TASK STATEMENT: Please reproduce the lines of the records below from the one holding "apparently unmarked, the" through the one holding "Candlove Lilac Scented", inclusive, skipping all pictures.

THE DATA:
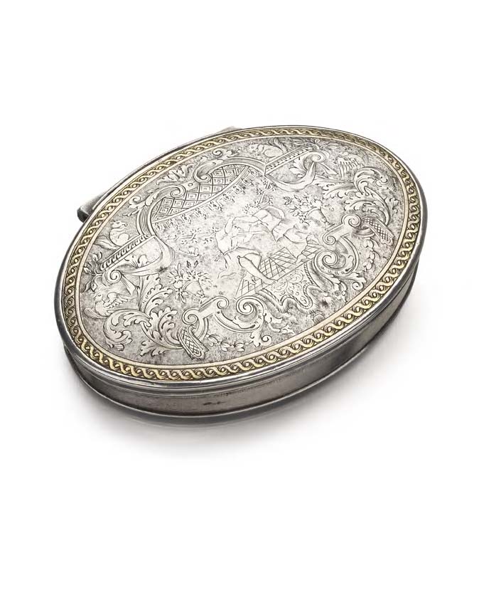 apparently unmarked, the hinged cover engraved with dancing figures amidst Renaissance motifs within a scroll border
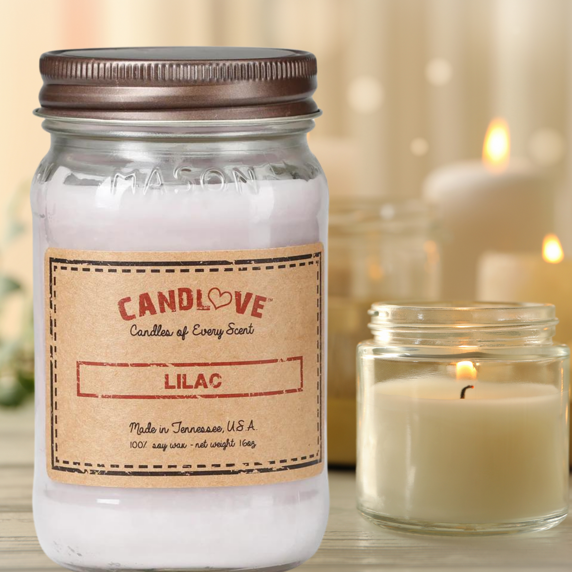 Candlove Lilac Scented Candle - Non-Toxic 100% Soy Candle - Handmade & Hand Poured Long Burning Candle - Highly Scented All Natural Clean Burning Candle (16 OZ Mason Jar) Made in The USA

==

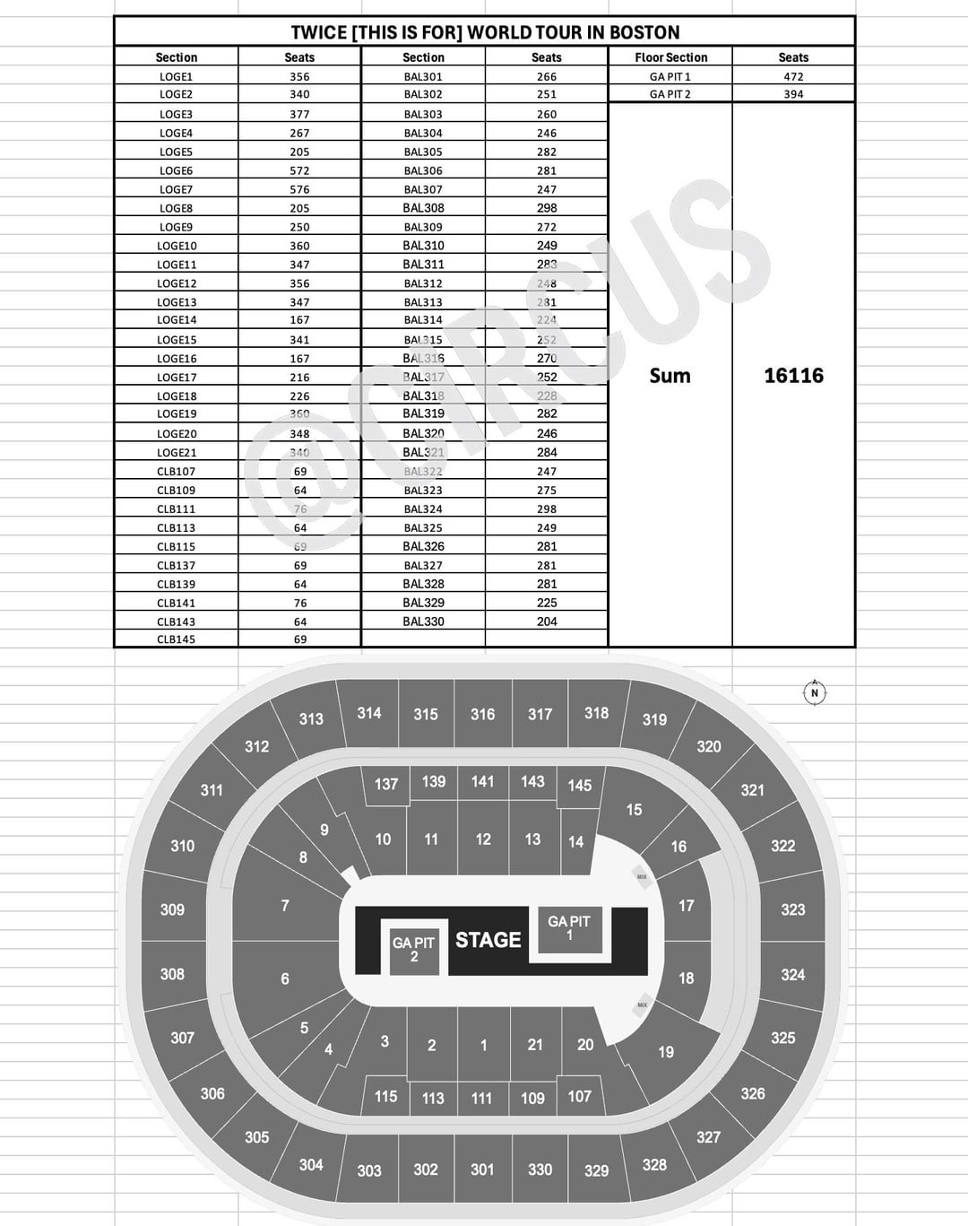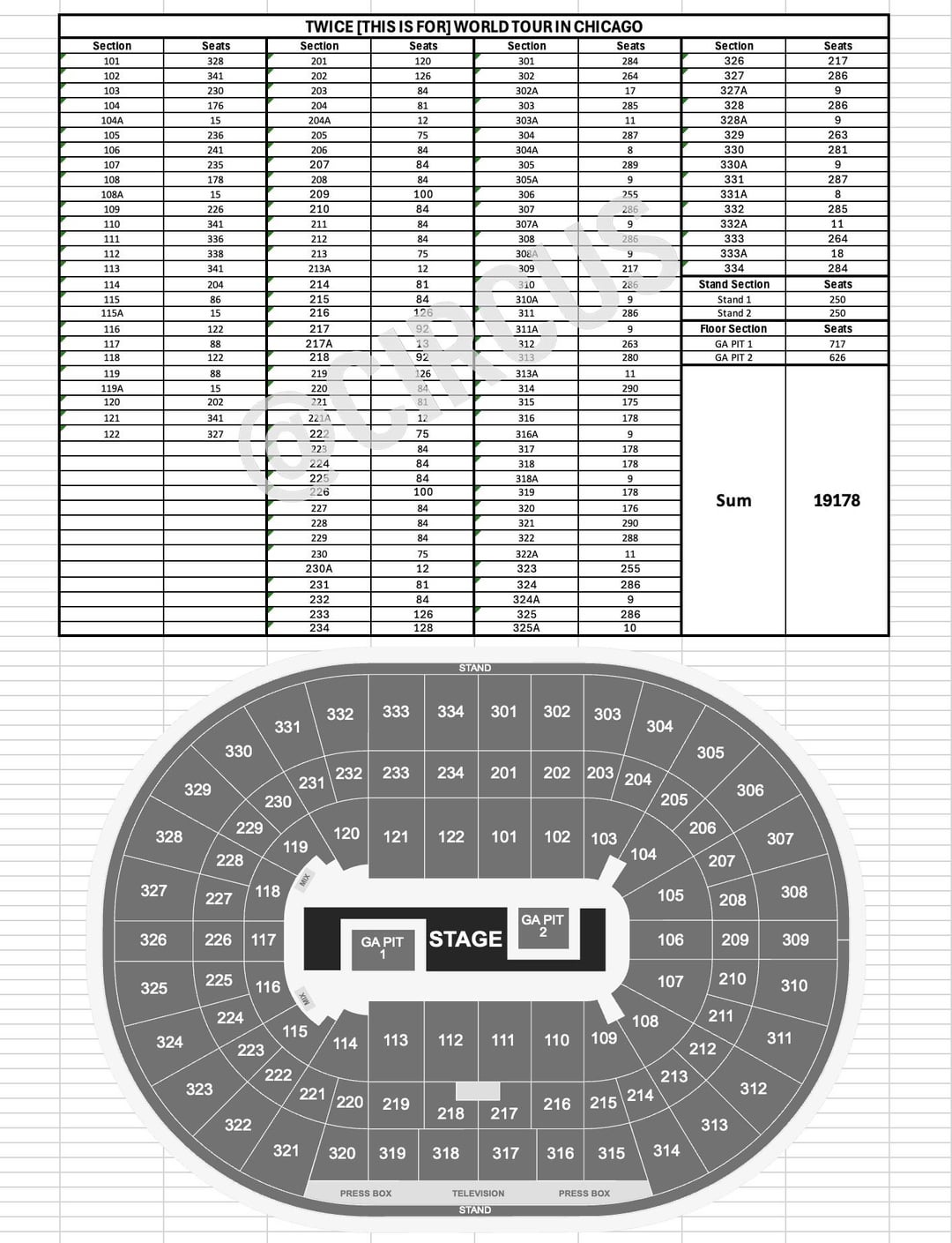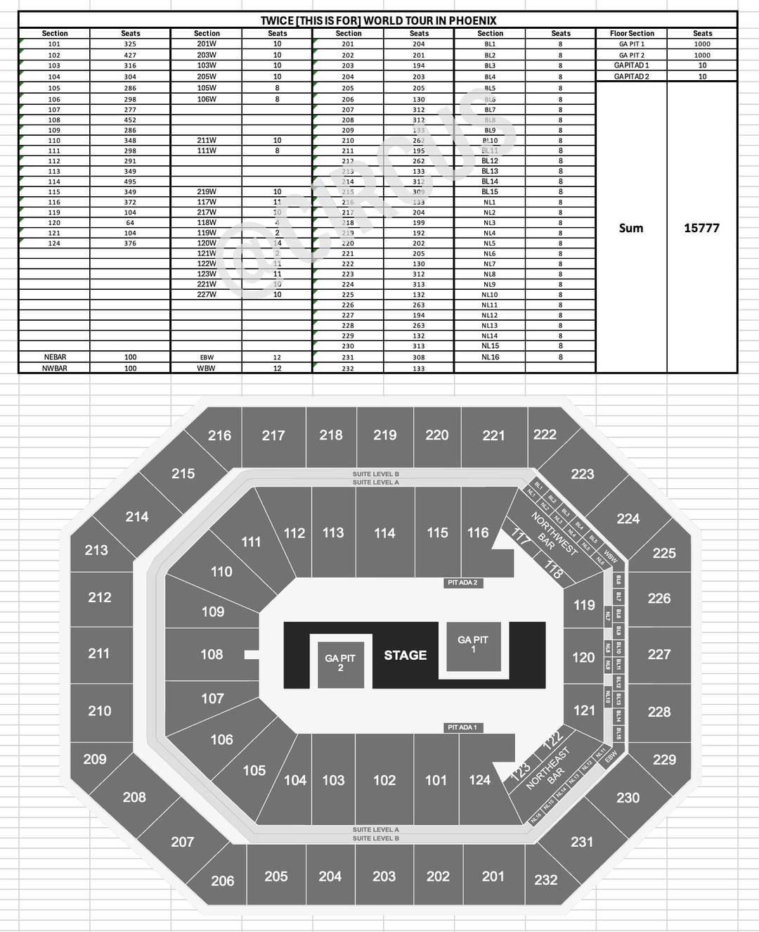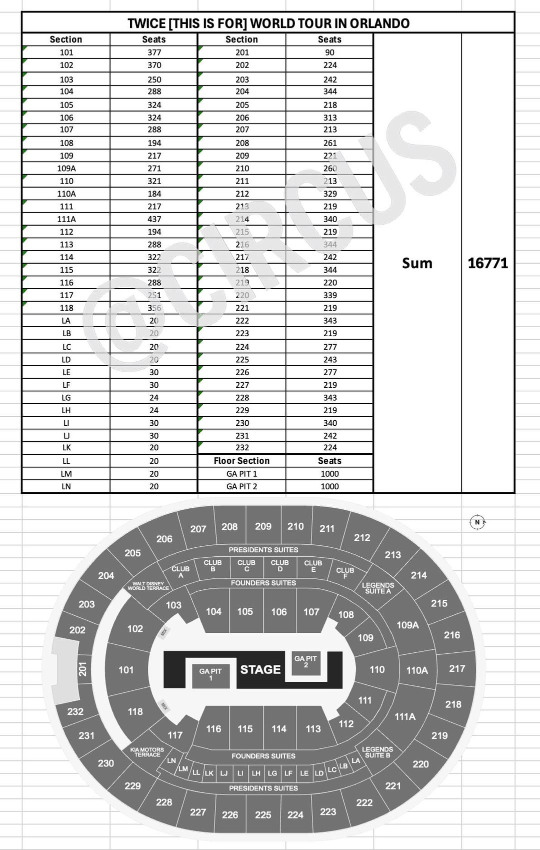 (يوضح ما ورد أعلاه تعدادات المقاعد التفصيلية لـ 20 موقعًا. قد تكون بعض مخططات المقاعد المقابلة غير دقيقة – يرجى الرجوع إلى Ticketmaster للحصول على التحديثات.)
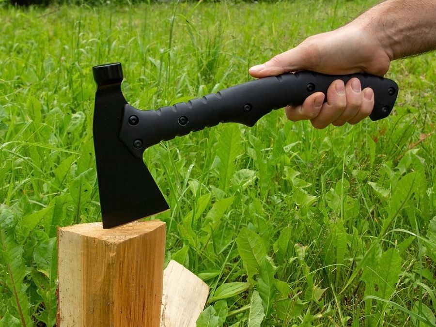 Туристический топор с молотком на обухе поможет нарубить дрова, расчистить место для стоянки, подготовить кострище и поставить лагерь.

ANSWER:
 apparently unmarked, the hinged cover engraved with dancing figures amidst Renaissance motifs within a scroll border
 Candlove Lilac Scented Candle - Non-Toxic 100% Soy Candle - Handmade & Hand Poured Long Burning Candle - Highly Scented All Natural Clean Burning Candle (16 OZ Mason Jar) Made in The USA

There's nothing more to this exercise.